Рис. 2. Ты еси иерей во век, или Христос Распятый Серафим.

Около 1600 г.

Вероятно, в результате влияния «Цветочков» серафическое на рубеже веков осмысляется не как анге-лическое, а как божественное. Так как Франциск полностью преобразился «в Бога и в истинный образ Христа Распятого», став «ангелическим человеком», в католической традиции с тех пор за ним закрепилось именование «pater seraphicus», что значит «серафический отец», со временем эпитет «серафический» был перенесен на весь орден францисканцев. О том же пишет В. Соловьев в «Жизненной драме Платона»: «Само монашество считает и называет себя чином ангельским; истинный монах носит образ и подобие ангела, он есть "ангел во плоти"; за величайшим монахом западного христианства, святым Франциском Ассизским, остается прозвище pater seraphicus» [8. T. 2. C. 618]. Однако В. Соловьев не отождествляет серафическое и божественное, а божественное ставит выше серафического, поясняя, что «быть ангелом» не есть окончательная задача человеческого духа, так как ангелы «не есть высшие из созданий», а представляют собой «служебных духов», поэтому «серафическое» состояние - это временное состояние, конечной же целью является обожение [Там же]. Однако в начале века, видимо, под влиянием «Цветочков», серафическое осмысливается именно как божественное, появляется понятие серафического человека, под ко-

торым понимают человека с преображенной природой в противоположность человеку адамическому, что можно видеть, например, в работах Н. Бердяева. В «Смысле творчества» «серафическую» природу человека философ определяет как «серафически-без-грешную, богоподобную природу», «предназначенную к творчеству» [4. С. 257], как «натуральную божественность человека» [Там же. С. 240]. Знаменательно, что одно из высших проявлений такой природы Бердяев находит в святом Франциске.
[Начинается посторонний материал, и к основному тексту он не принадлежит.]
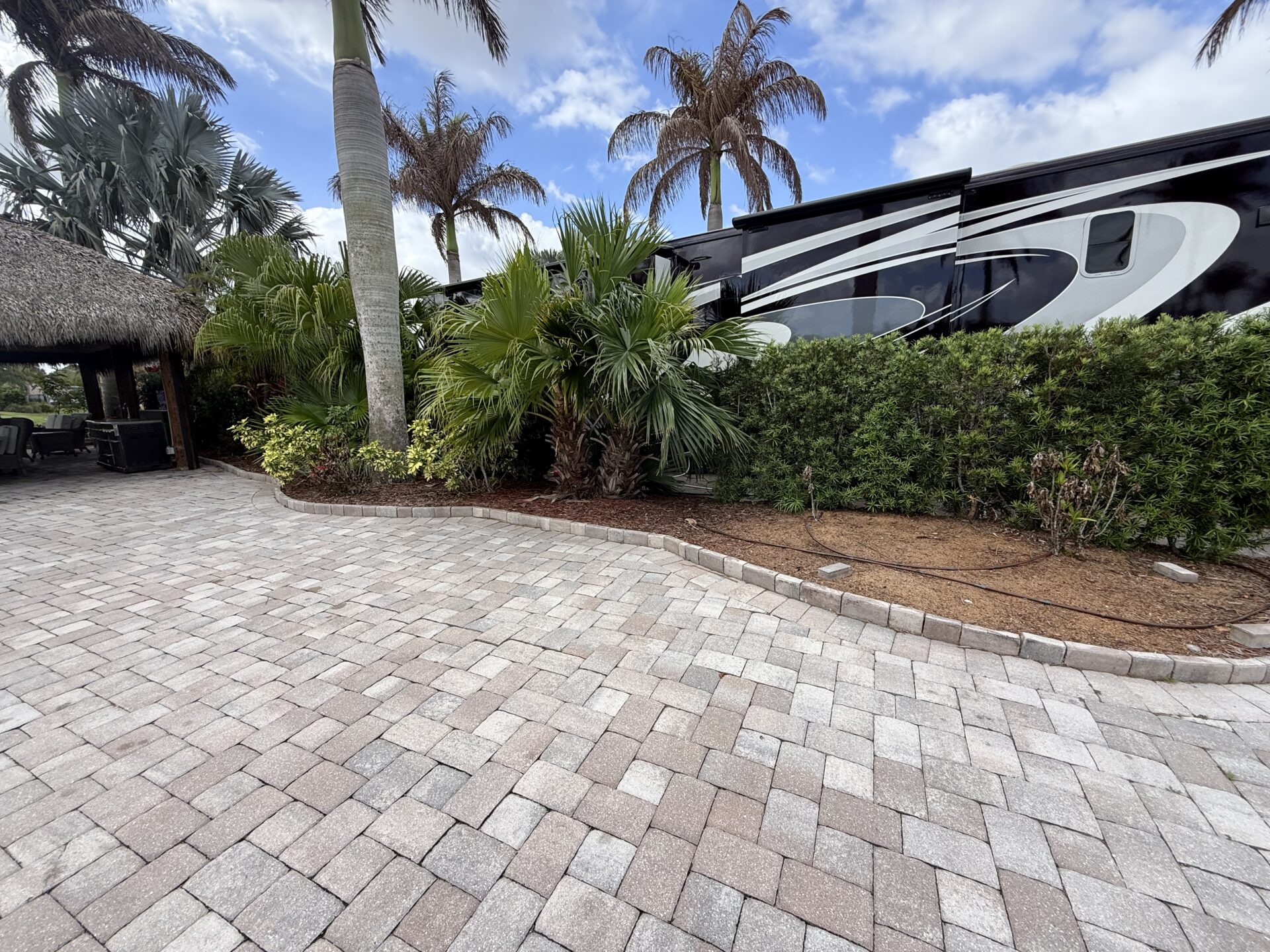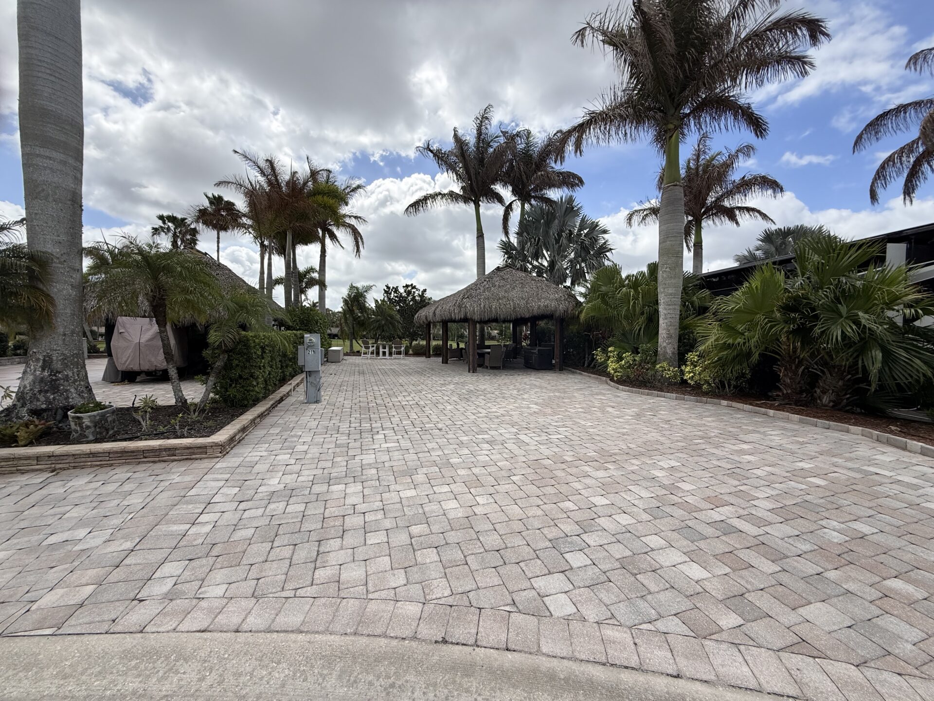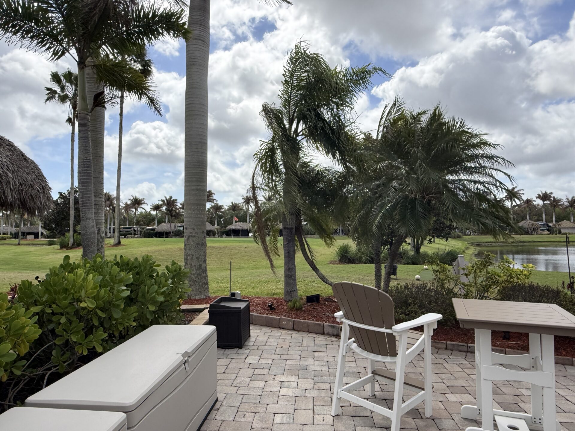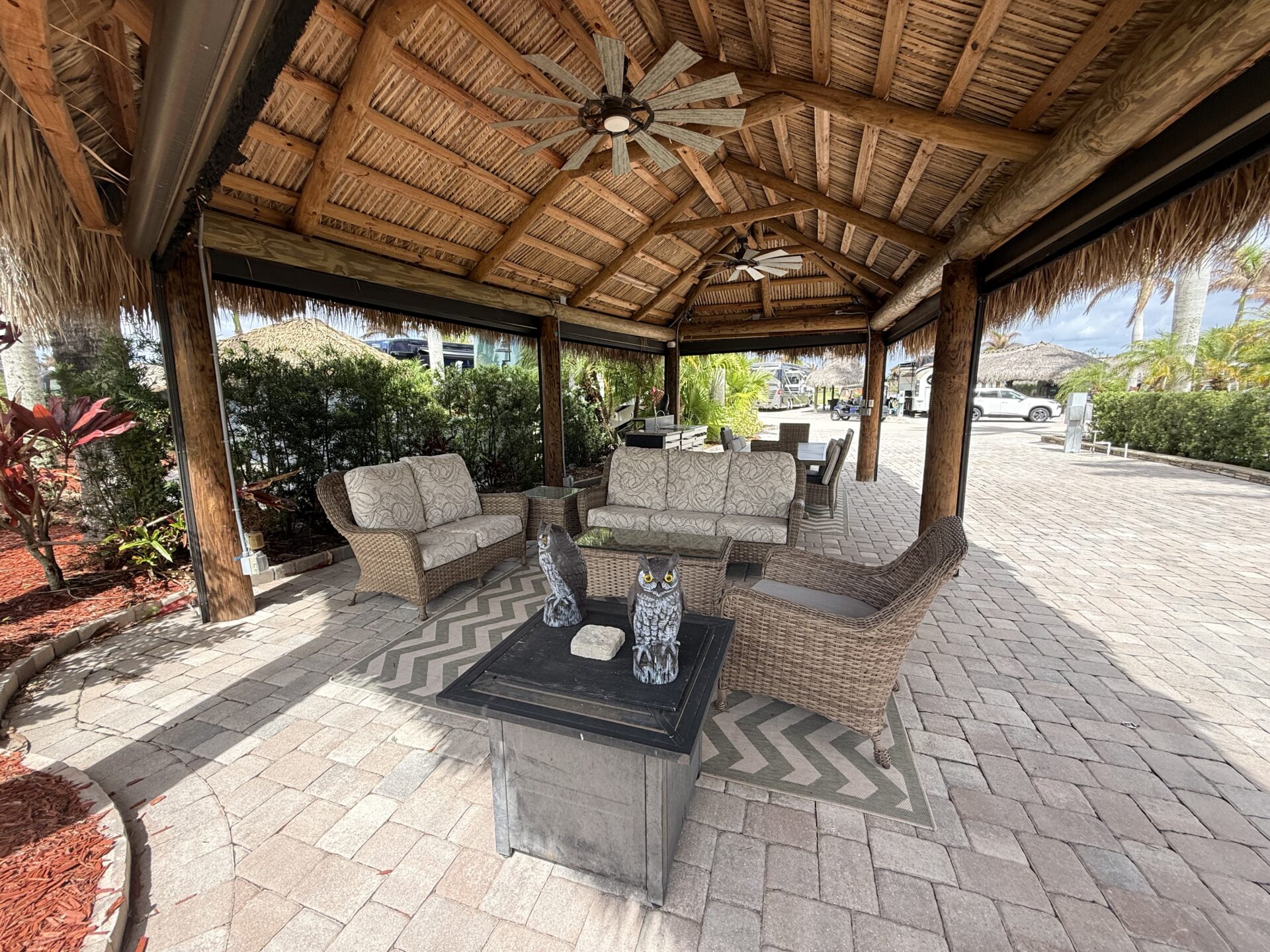 Exceptional oversized 2,749 sq. ft. pull-in lot offering breathtaking views of the golf course and a stunning double waterfall feature. This fully pavered property is designed for both comfort and entertaining, highlighted by a spacious tiki hut complete with a well-appointed modular outdoor kitchen.

Рис. 3. В. Васнецов. Серафимы. Эскизы к фрескам Владимирского собора в Киеве

Значимо и то, что серафимов на рубеже веков стали изображать отлично от сложившихся иконописных канонов. В православной иконописи серафимы традиционно изображались в виде огненных ликов с шестью пламенно-красными крыльями. Однако изображения серафимов на фресках В. Васнецова и В. Котарбинского во Владимирском соборе в Киеве отличаются от традиционных иконописных подлинников. Особого внимания здесь заслуживают крылья серафимов. В иконописной традиции серафические крылья были пламенно красные, здесь же они не просто красные, но могут быть расцвечены разноцветными перьями: голубыми, синими, розовыми, павлиньими, отчего больше напоминают не столько ангельские крылья, сколько крылья райских птиц. Здесь нужно отметить, что в средневековой гимнографии пестрые, разноцветные крылья райских птиц были знаком святости, духовного полета, в них облачались святые, чтобы возлететь «"превыше всякия твари" - туда, где стоит "древо жизни"», на ветвях которого они рассаживались, «готовясь к непостижимому духовному полету» [9. С. 53]. Это можно наблюдать и на иконописных изображениях крылатых святых: Иоанна Предтечи, евангелиста Матфея, Еноха. Васнецов, перу которого принадлежат знаменитые изображения мифологических птиц Сирина, Алконоста и Гамаюна, в ходе работы изучавший иконописные подлинники, думается, неслучайно наделяет своих серафимов причудливыми крыльями райских птиц и делает их антропоморфными: на фресках будто явлена серафическая божественная природа, достигаемая через святость.

Образы крыльев, мотив крылатости в значении духовного пробуждения, полета и преображения является одним из ключевых в поэзии символистов:

A. Блока, А. Белого, Д. Мережковского. В качестве одного из самых ярких примеров можно привести «Молитву о крыльях» Мережковского, где греховное, омраченное состояние противопоставляется состоянию духовного просветления как бескрылость и кры-латость: «Ниц простертые унылые, / Безнадежные, бескрылые, / В покаянии, в слезах, - / Мы лежим во прахе прах <...> О, спаси нас от бессилья, / Дай нам крылья, дай нам крылья, / Крылья Духа Твоего» [10. С. 193-194], - крылья здесь становятся знаком просветления, благодати, озарения Святым Духом. В творчестве Блока важен мотив забвения крыльев, своей крылатой природы, с которым связана неспособность к полету: «Вот сидят, погружаясь в дремоту, / Птицы, спутники прежних годов, / Все забыли, не верят полету / И не видят, на что я готов» [11. С. 111]. Такое осмысление образа крыльев и крылатости восходит к

B. Соловьеву, который использует его для выражения идеи платоновского анамнезиса: «Бескрылый дух, землею полоненный, себя забывший и забытый бог.» [12.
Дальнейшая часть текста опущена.